→ Action item
Using the data below, set down every line from the one containing "Description: Embellished Knit Skirt Suit Set" through the one containing "LIGHT PEBBLE TAN", inclusive and unchanged. Pictures are to be skipped.

→ Task input

-=-=-

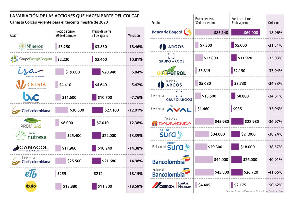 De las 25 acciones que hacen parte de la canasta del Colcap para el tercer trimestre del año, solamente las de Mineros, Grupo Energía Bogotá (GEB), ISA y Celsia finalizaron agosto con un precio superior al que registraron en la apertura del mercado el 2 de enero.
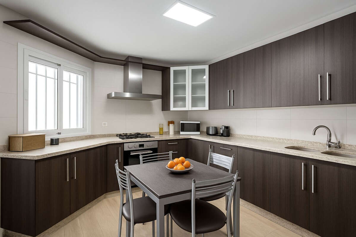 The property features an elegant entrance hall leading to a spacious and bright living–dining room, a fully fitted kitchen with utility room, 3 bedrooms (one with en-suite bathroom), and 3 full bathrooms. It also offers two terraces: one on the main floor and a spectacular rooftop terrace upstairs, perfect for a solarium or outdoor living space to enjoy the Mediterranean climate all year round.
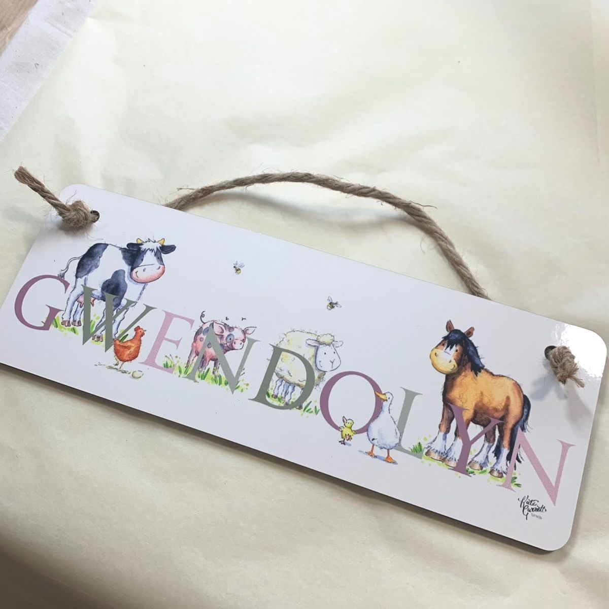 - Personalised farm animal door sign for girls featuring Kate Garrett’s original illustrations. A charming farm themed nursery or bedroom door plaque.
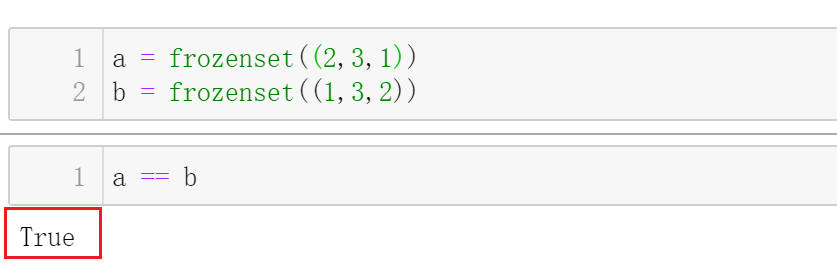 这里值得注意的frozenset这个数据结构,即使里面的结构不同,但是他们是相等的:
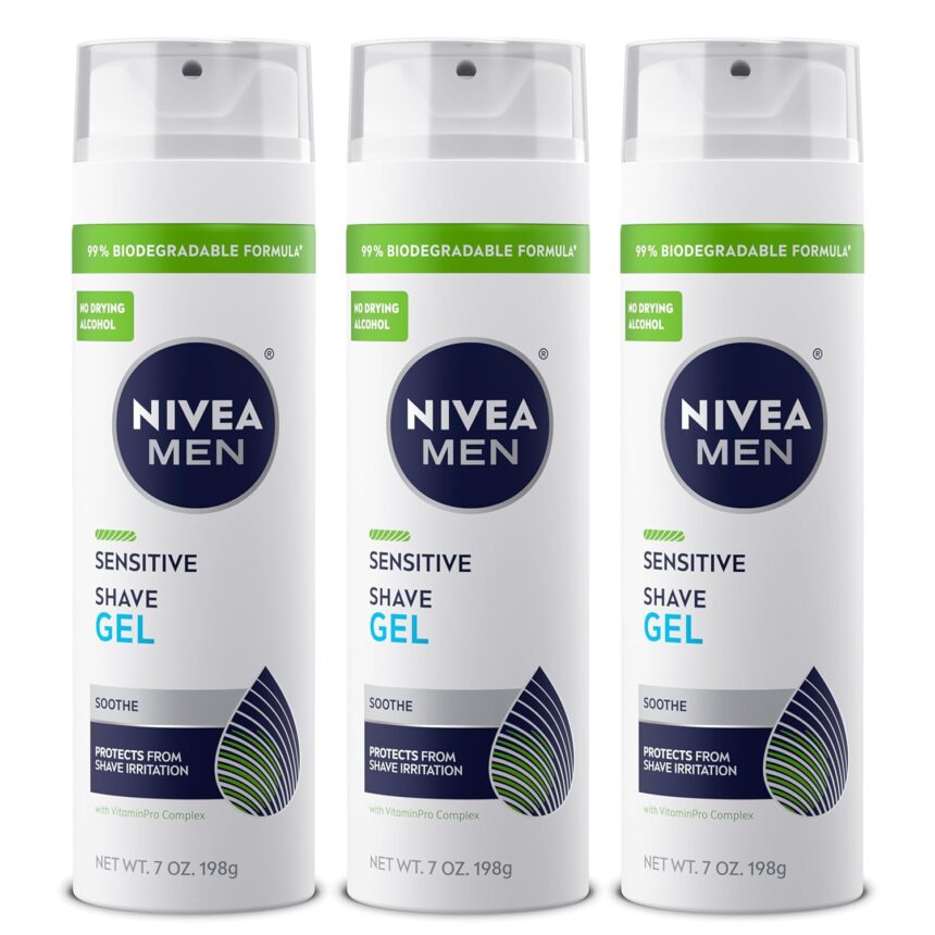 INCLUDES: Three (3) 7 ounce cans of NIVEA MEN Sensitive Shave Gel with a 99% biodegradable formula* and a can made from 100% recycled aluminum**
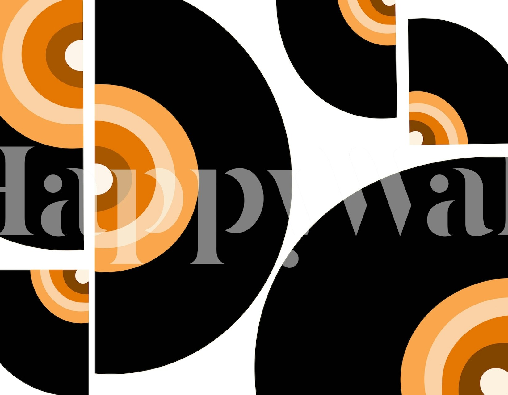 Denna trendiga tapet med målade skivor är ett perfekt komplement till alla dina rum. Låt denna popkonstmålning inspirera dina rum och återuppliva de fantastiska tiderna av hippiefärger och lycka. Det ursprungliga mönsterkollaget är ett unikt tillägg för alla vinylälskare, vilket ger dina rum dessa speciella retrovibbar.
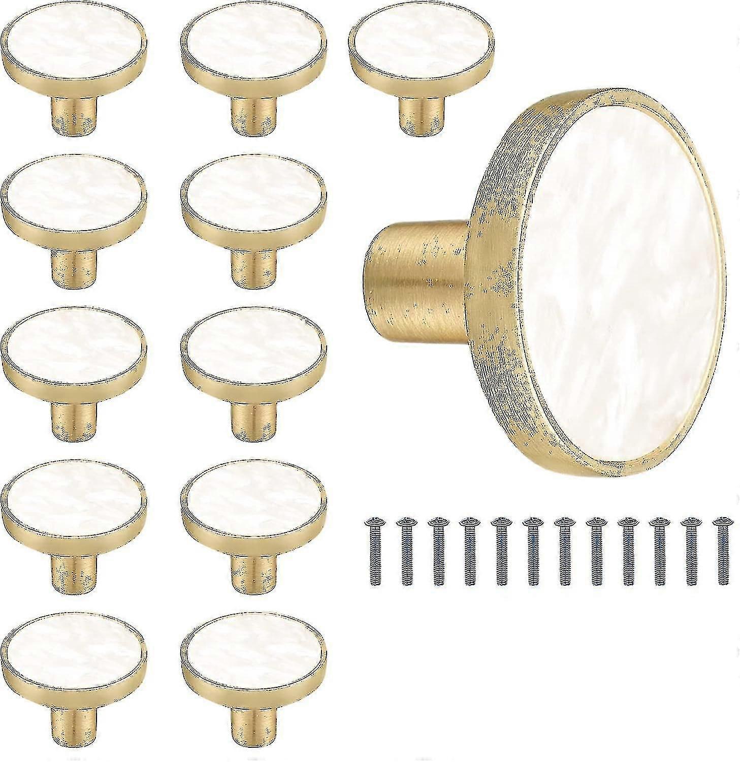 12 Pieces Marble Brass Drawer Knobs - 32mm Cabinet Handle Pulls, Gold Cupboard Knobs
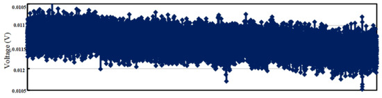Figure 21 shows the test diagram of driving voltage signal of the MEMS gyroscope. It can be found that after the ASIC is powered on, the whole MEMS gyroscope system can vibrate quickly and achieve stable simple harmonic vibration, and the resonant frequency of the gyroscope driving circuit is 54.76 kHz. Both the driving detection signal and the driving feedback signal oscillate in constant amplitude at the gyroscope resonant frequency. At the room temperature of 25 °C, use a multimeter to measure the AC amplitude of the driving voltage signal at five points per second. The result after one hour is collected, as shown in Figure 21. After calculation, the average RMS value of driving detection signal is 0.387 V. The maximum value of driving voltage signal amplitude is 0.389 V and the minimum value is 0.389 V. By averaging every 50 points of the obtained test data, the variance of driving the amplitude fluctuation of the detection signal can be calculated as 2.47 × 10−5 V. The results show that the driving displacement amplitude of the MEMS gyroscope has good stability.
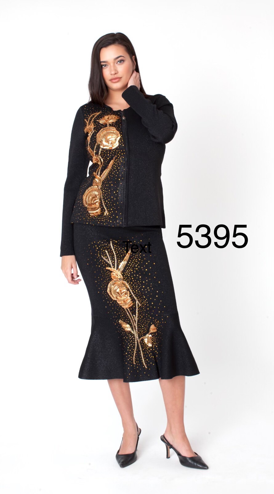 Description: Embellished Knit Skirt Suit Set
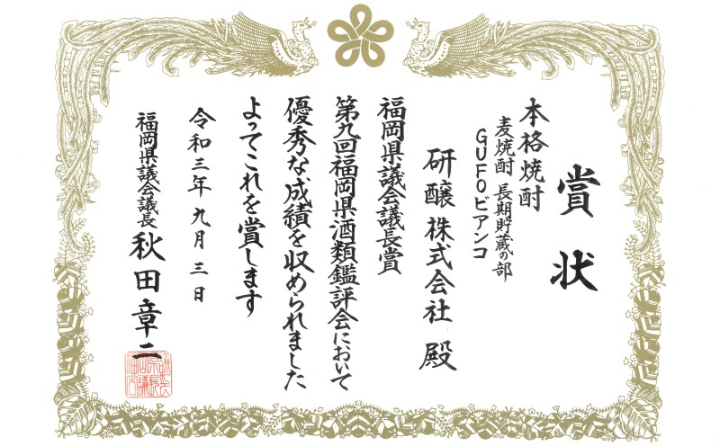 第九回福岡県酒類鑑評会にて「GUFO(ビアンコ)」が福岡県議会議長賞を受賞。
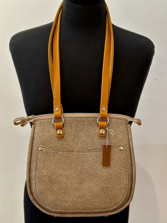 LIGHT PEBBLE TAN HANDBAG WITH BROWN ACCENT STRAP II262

-=-=-

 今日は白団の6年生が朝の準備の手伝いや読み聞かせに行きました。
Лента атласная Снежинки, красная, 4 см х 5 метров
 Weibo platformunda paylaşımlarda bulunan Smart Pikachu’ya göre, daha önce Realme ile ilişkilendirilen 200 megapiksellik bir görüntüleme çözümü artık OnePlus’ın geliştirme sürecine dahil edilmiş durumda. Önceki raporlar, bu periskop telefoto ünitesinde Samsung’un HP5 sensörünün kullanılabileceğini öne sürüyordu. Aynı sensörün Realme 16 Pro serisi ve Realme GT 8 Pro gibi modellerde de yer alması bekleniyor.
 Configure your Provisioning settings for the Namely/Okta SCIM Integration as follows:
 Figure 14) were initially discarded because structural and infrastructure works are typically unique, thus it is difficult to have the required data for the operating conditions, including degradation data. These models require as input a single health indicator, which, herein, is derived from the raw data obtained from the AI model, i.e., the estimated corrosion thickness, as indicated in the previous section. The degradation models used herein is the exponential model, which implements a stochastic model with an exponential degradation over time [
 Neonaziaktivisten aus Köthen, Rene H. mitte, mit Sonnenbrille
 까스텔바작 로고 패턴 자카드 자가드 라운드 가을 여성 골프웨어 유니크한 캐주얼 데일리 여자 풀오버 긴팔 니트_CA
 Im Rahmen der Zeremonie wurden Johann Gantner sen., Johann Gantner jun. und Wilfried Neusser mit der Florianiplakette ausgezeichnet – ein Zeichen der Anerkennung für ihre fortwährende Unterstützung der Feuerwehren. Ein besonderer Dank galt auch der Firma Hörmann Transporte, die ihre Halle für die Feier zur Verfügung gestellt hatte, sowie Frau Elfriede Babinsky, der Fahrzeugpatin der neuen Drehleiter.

-=-=-

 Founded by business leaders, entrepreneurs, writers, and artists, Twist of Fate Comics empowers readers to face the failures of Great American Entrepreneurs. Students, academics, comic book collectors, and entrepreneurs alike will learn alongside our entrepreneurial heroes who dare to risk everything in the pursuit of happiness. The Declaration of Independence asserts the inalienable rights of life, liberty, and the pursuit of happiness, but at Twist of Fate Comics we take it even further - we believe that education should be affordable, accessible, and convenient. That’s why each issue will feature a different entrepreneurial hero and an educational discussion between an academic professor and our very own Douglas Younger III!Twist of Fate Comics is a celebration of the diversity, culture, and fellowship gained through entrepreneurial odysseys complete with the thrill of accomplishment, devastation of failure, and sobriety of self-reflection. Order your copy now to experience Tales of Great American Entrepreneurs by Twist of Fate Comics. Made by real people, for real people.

-=-=-

→ Written answer
 Description: Embellished Knit Skirt Suit Set
 第九回福岡県酒類鑑評会にて「GUFO(ビアンコ)」が福岡県議会議長賞を受賞。
 LIGHT PEBBLE TAN HANDBAG WITH BROWN ACCENT STRAP II262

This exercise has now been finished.